6 Unspoken Truths

Although most nations boast of their valour, for sudden reckless courage you really need a Frenchman. This courage is not the everyday steadiness of the Briton – indeed, it may only occur erratically – but, when it appears out of the blue, it is spectacular: France is the nation of Roland, du Guesclin, Joan of Arc, Bayard, Cyrano de Bergerac, d’Artagnan, Murat, Danjou at Camaron, and a rugby team that stood up bravely to the All Blacks.

It is also the nation of Nicolas Sarkozy, who had his own moment of insane courage last week when he admitted that it was a mistake to let Greece join the euro in the first place.

Since this an obvious truth, an objective observer might ask why he deserves any credit for stating it. Yet the Western political Establishment is now being held together only by a complex network of fantasies. The markets are buying into these illusions – literally – because the alternative is collapse. For a President of France, a country whose economy has been based on illusion for decades, to question just one of these lies is to question the whole structure.

That the euro is, was always, and remains conceptually flawed is obvious, but that is just one of several basic truths our leaders are incapable of accepting, at least in public...

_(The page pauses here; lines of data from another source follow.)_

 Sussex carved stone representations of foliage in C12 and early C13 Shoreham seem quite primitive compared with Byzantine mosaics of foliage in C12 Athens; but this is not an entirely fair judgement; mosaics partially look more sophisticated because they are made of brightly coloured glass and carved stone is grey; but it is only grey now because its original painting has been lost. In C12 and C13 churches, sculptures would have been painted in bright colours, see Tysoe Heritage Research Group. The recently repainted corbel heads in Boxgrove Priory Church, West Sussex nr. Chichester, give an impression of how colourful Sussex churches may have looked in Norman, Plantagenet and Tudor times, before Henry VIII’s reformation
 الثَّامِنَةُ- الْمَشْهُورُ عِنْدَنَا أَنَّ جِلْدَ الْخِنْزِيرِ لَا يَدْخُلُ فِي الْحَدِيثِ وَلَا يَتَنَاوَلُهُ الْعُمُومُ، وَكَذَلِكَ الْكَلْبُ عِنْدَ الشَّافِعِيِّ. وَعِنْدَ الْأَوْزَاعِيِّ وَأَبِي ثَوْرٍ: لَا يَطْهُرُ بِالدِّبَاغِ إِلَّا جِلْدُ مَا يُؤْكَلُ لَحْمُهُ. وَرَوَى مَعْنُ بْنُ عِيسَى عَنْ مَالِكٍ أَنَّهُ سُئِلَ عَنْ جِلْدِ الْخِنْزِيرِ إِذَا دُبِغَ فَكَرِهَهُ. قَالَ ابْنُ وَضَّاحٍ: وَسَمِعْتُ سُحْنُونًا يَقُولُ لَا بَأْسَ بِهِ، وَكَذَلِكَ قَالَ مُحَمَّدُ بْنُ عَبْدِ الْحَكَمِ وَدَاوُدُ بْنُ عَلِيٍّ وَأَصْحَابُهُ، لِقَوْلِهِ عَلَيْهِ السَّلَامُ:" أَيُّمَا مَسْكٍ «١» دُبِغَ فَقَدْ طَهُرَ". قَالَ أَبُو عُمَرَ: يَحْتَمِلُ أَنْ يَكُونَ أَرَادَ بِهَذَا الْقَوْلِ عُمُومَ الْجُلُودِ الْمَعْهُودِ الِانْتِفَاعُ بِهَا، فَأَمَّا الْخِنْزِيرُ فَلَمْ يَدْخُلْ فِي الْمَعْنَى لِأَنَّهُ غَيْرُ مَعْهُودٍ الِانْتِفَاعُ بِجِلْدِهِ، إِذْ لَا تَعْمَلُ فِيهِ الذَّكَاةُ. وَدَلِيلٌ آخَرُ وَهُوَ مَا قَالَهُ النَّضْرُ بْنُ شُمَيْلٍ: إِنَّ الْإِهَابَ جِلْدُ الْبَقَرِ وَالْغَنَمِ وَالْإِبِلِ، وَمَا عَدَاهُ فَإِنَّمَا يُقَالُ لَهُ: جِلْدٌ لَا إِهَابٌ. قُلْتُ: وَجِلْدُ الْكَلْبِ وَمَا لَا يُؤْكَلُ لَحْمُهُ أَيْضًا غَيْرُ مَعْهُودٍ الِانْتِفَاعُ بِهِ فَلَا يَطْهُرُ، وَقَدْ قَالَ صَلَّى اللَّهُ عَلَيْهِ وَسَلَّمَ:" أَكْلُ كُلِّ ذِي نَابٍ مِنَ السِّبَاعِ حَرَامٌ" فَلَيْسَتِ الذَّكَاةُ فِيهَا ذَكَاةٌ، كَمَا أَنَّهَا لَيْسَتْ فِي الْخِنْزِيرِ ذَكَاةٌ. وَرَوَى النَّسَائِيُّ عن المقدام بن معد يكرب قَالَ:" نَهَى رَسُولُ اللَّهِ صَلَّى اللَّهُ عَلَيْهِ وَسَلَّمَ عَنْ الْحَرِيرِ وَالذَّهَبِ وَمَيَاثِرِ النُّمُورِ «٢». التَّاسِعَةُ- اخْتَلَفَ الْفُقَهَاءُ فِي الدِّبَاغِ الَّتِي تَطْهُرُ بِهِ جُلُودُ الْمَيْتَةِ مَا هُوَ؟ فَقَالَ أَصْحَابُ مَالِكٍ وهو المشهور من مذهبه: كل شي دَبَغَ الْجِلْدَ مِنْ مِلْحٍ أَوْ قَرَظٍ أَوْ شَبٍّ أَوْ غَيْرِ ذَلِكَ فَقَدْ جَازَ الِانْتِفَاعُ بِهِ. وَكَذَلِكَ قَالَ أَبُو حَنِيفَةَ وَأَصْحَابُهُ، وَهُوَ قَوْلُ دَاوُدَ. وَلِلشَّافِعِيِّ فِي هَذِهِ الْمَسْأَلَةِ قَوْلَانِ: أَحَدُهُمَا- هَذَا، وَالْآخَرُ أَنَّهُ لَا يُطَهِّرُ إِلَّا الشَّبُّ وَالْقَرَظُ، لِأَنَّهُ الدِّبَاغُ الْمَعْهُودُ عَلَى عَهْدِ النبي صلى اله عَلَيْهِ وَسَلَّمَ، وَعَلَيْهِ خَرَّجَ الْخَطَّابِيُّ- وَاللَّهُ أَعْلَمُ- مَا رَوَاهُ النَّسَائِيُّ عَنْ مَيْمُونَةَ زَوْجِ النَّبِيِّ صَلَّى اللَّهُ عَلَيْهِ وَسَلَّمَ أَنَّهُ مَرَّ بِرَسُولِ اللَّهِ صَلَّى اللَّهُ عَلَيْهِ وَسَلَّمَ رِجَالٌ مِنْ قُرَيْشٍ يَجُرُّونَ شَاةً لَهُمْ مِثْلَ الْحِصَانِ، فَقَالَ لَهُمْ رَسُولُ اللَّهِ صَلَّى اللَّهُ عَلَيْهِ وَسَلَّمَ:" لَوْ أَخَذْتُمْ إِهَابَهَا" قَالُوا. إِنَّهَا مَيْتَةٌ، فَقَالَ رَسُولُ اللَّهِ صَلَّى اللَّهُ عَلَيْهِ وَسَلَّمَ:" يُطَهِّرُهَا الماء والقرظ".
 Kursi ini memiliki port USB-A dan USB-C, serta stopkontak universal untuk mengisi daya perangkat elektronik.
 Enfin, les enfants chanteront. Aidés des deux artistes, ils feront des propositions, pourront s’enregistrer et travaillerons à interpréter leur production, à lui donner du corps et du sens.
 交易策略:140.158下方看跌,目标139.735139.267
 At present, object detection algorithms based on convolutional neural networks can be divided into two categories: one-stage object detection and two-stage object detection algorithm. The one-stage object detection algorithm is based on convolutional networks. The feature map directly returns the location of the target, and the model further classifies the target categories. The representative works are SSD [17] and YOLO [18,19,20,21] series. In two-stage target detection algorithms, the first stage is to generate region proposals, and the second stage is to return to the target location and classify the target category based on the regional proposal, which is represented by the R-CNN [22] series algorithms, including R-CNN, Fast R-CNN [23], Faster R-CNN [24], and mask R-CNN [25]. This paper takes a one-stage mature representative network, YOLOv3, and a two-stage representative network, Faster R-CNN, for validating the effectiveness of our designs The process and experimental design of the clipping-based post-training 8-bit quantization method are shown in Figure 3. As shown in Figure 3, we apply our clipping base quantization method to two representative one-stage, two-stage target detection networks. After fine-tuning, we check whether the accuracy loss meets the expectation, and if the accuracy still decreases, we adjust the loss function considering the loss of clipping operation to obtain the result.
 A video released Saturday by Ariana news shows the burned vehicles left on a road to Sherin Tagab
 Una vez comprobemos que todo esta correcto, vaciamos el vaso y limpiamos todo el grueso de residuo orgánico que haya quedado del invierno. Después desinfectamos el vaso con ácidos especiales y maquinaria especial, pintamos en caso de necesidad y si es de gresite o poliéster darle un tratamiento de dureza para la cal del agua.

1   The latest “deal” on the euro is no deal at all: it depends on the Greek and, now, Italian voters and their representatives agreeing to serious reforms, which they currently have no incentive to accept.

2   In exactly the same way, the “deal” on the US government debt that was agreed earlier this year is unravelling, as this blog predicted, because referring the matter to a committee was only postponing the problem. 

3   Government debt, not growth or employment, remains the real problem in the West. The latest American GDP figures confirm another of this blog’s predictions, that, although growth will remain sluggish, a double-dip recession is avoidable. Yet politicians and central bankers have lost focus: in their obsession with “jobs”, they are pushing still more money into the economy – which is the problem, not the solution.

4    Inflation is now a serious danger, again as we predicted.

5   The solution to unemployment is not more injections of cheap money but improving business competitiveness. That, however, is a long, painful, unspectacular process that does not appeal to politicians.

6   The crisis of 2008 was due, first and foremost, to the bankers, but it ended very quickly and the markets recovered from it; the crisis that is now brewing is a new one and one entirely of the politicians’ making.